[Try it]
Give back the entries exactly as they read, leaving each image out.

::: Input

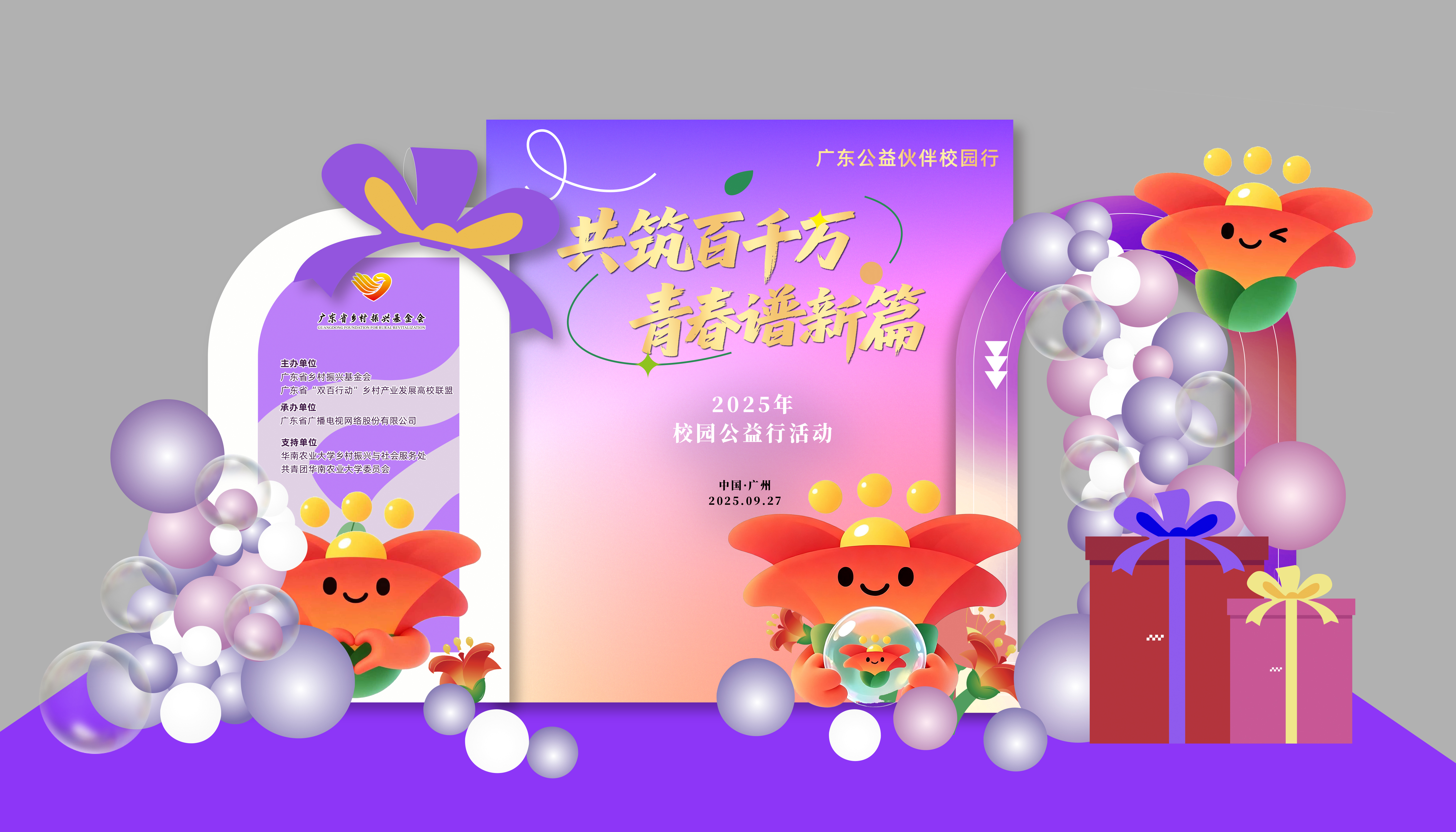 为积极响应“百千万工程”的号召,凝聚青春力量助力乡村振兴,由广东省乡村振兴基金会、广东省“双百行动”乡村产业发展高校联盟联合主办,华南农业大学乡村振兴与社会服务处、共青团华南农业大学委员会支持开展的“共筑百千万 青春谱新篇”广东公益伙伴校园行活动,将于2025年9月27日在华南农业大学华山运动场举行。
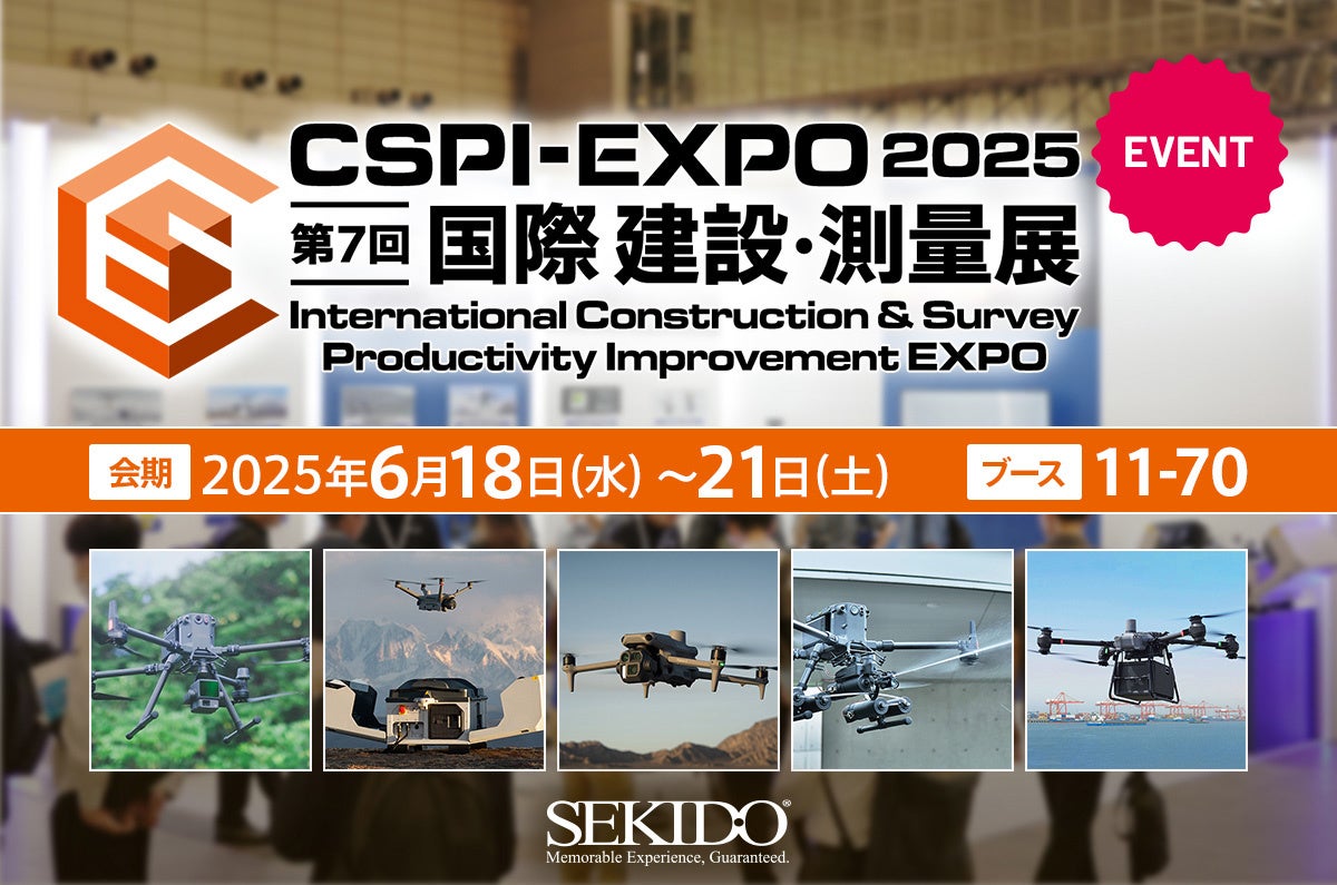 DJI(ディージェイアイ)正規販売代理店としてドローンビジネスの最先端を支える株式会社セキド(本社:東京都港区、代表取締役:⼤下貴之)では、2025年6月18日(水)~21日(土)に幕張メッセにて開催される「CSPI-EXPO2025 第7回 国際 建設・測量展」に出展いたします。セキドブース[11-70]では、業務効率化・省人化・安全性向上に貢献する製品を多数展示。実機デモや事例紹介を通じて、導入後の活用イメージを具体的にご確認いただけます。
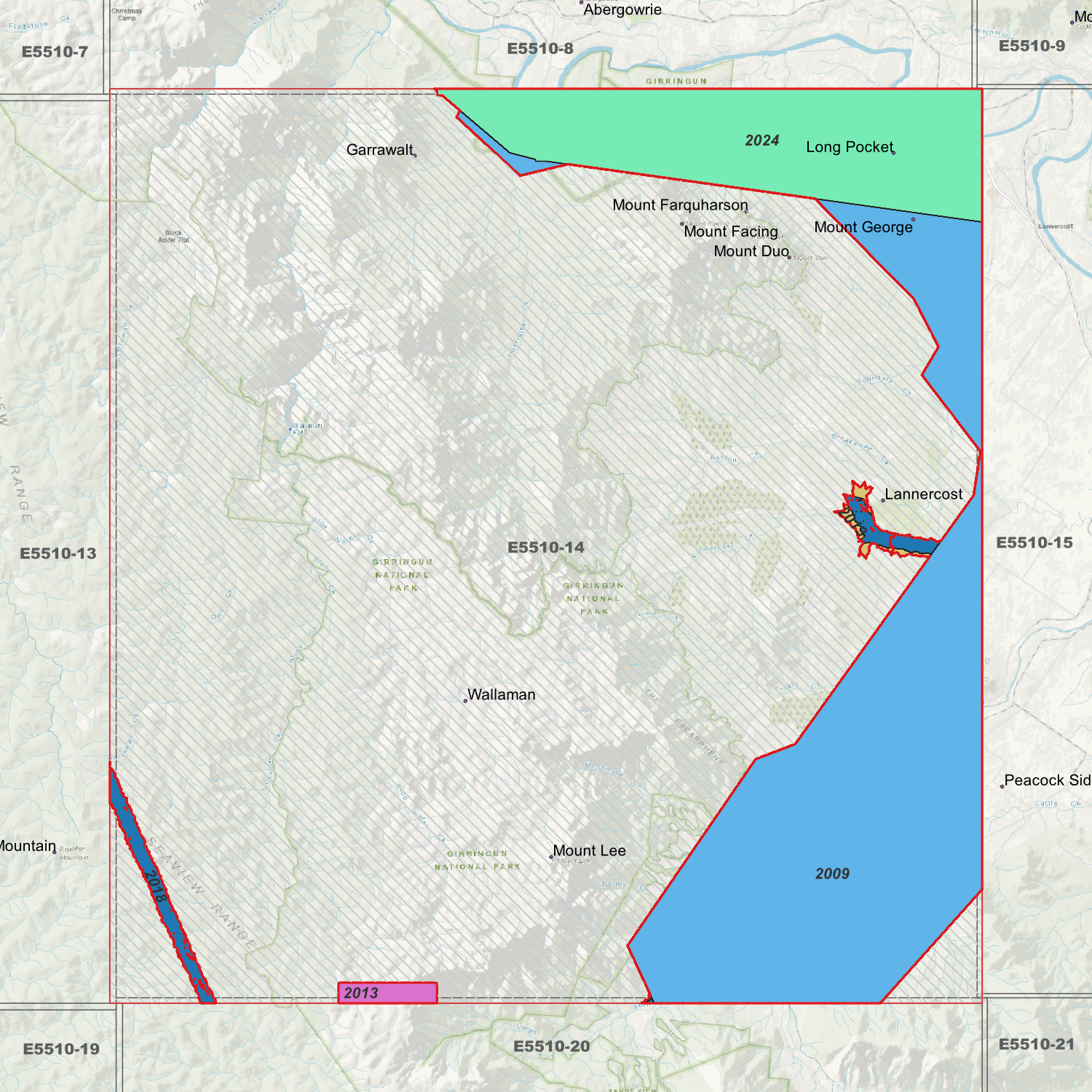 Locations within the area; Garrawalt, Lannercost, Long Pocket, Mount Duo, Mount Facing, Mount Farquharson, Mount George, Mount Lee, Wallaman
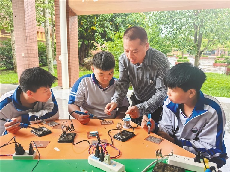 连日下雨,却浇不灭职普融通初中职业班学生上课的热情。“再重复一次,电子焊接的四步骤是‘一压、二加、三撤、四撤’。”开班第三天,海南师大定安县平和思源实验学校初三学生洪钰超终于等到了自己最期待的电子产品制作课程。
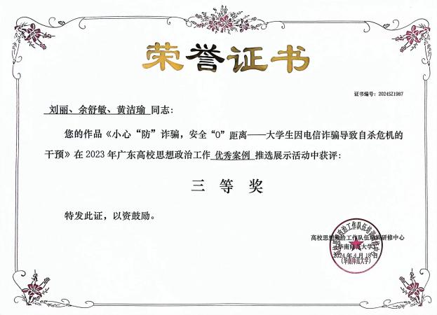 小心“防”诈骗,安全“0”距离——大学生因电信诈骗导致自杀危机的干预 |
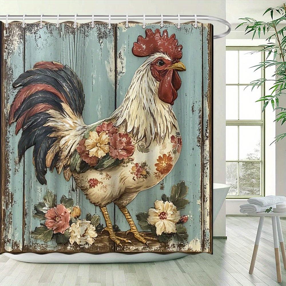 Simple Rooster Shower Curtain - Rural Charm with Flower Decoration Living Room Wall Hanging, Bedroom Decoration - FarmhouseStyle

::::::

[Exercise output]
 为积极响应“百千万工程”的号召,凝聚青春力量助力乡村振兴,由广东省乡村振兴基金会、广东省“双百行动”乡村产业发展高校联盟联合主办,华南农业大学乡村振兴与社会服务处、共青团华南农业大学委员会支持开展的“共筑百千万 青春谱新篇”广东公益伙伴校园行活动,将于2025年9月27日在华南农业大学华山运动场举行。
 DJI(ディージェイアイ)正規販売代理店としてドローンビジネスの最先端を支える株式会社セキド(本社:東京都港区、代表取締役:⼤下貴之)では、2025年6月18日(水)~21日(土)に幕張メッセにて開催される「CSPI-EXPO2025 第7回 国際 建設・測量展」に出展いたします。セキドブース[11-70]では、業務効率化・省人化・安全性向上に貢献する製品を多数展示。実機デモや事例紹介を通じて、導入後の活用イメージを具体的にご確認いただけます。
 Locations within the area; Garrawalt, Lannercost, Long Pocket, Mount Duo, Mount Facing, Mount Farquharson, Mount George, Mount Lee, Wallaman
 连日下雨,却浇不灭职普融通初中职业班学生上课的热情。“再重复一次,电子焊接的四步骤是‘一压、二加、三撤、四撤’。”开班第三天,海南师大定安县平和思源实验学校初三学生洪钰超终于等到了自己最期待的电子产品制作课程。
 小心“防”诈骗,安全“0”距离——大学生因电信诈骗导致自杀危机的干预 |
 Simple Rooster Shower Curtain - Rural Charm with Flower Decoration Living Room Wall Hanging, Bedroom Decoration - FarmhouseStyle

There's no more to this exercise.